Source material: Begin

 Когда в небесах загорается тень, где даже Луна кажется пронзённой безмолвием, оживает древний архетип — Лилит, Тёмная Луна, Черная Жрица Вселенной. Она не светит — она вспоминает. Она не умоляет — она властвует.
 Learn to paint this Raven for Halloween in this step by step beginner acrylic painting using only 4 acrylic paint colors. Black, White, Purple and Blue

Source material: End
Source material: Begin

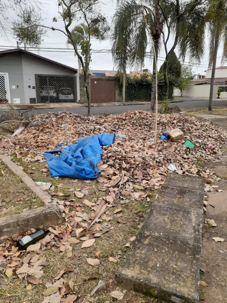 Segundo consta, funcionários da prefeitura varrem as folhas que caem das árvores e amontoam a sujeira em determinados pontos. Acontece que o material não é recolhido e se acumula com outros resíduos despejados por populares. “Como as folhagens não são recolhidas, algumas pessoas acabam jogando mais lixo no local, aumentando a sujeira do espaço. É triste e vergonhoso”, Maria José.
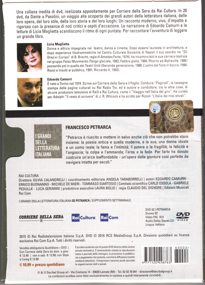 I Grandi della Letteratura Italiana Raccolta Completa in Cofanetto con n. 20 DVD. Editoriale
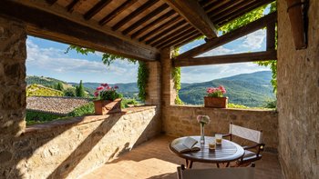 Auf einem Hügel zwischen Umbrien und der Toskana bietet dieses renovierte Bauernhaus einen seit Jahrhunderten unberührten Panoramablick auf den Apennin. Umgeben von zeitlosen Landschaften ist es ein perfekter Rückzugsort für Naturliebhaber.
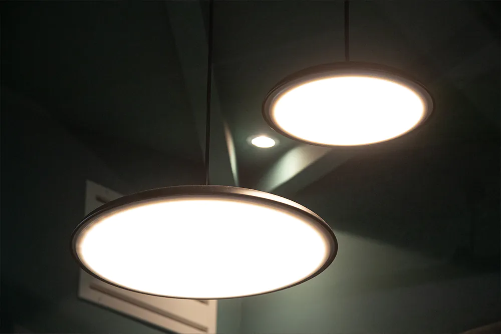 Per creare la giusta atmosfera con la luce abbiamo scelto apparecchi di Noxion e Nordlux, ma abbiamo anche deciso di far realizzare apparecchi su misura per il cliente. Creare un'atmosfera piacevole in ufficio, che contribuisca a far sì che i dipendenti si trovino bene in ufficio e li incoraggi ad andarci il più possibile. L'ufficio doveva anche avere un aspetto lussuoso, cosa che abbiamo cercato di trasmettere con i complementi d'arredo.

Source material: End
Source material: Begin

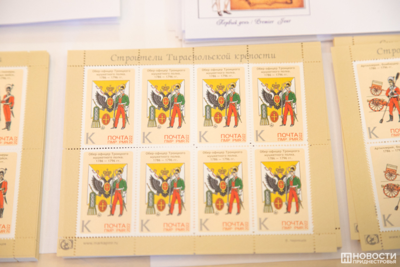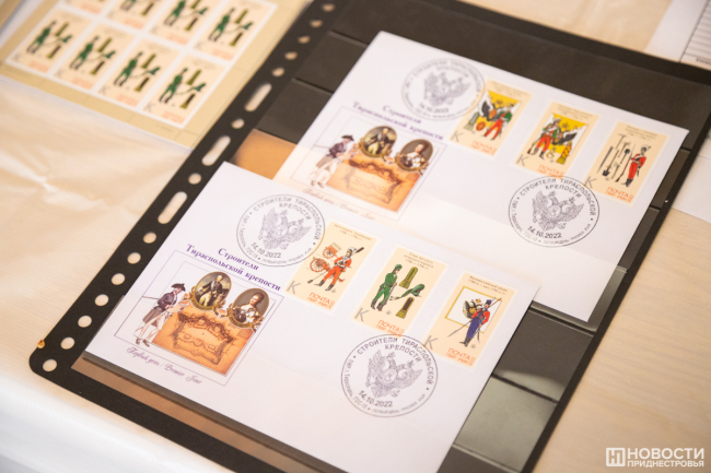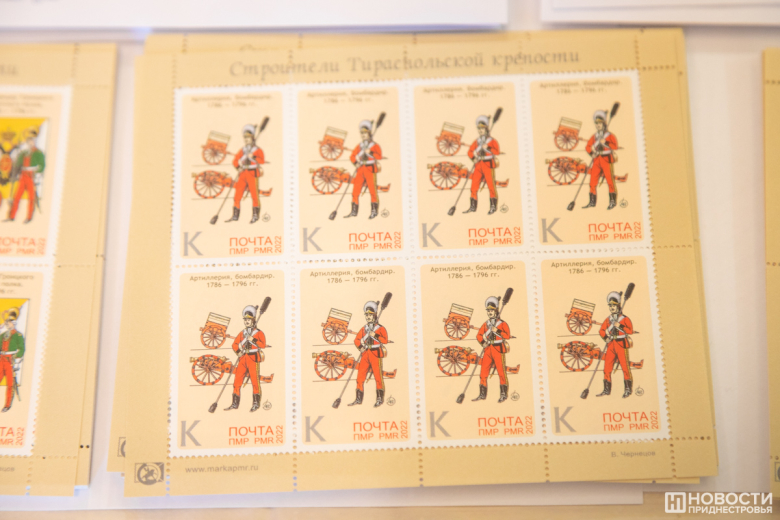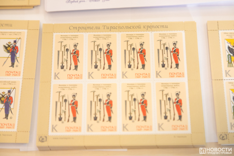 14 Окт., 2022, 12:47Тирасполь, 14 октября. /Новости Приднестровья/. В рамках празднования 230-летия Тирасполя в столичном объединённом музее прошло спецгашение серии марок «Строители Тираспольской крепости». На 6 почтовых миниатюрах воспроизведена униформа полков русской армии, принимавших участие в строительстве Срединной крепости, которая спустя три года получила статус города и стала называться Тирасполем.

Source material: End

The task => Leaving each picture behind, please give again exactly the lines above from the one with "I Grandi della" through the one with "Auf einem Hügel", both included, and no others.

Exercise result =>
 I Grandi della Letteratura Italiana Raccolta Completa in Cofanetto con n. 20 DVD. Editoriale
 Auf einem Hügel zwischen Umbrien und der Toskana bietet dieses renovierte Bauernhaus einen seit Jahrhunderten unberührten Panoramablick auf den Apennin. Umgeben von zeitlosen Landschaften ist es ein perfekter Rückzugsort für Naturliebhaber.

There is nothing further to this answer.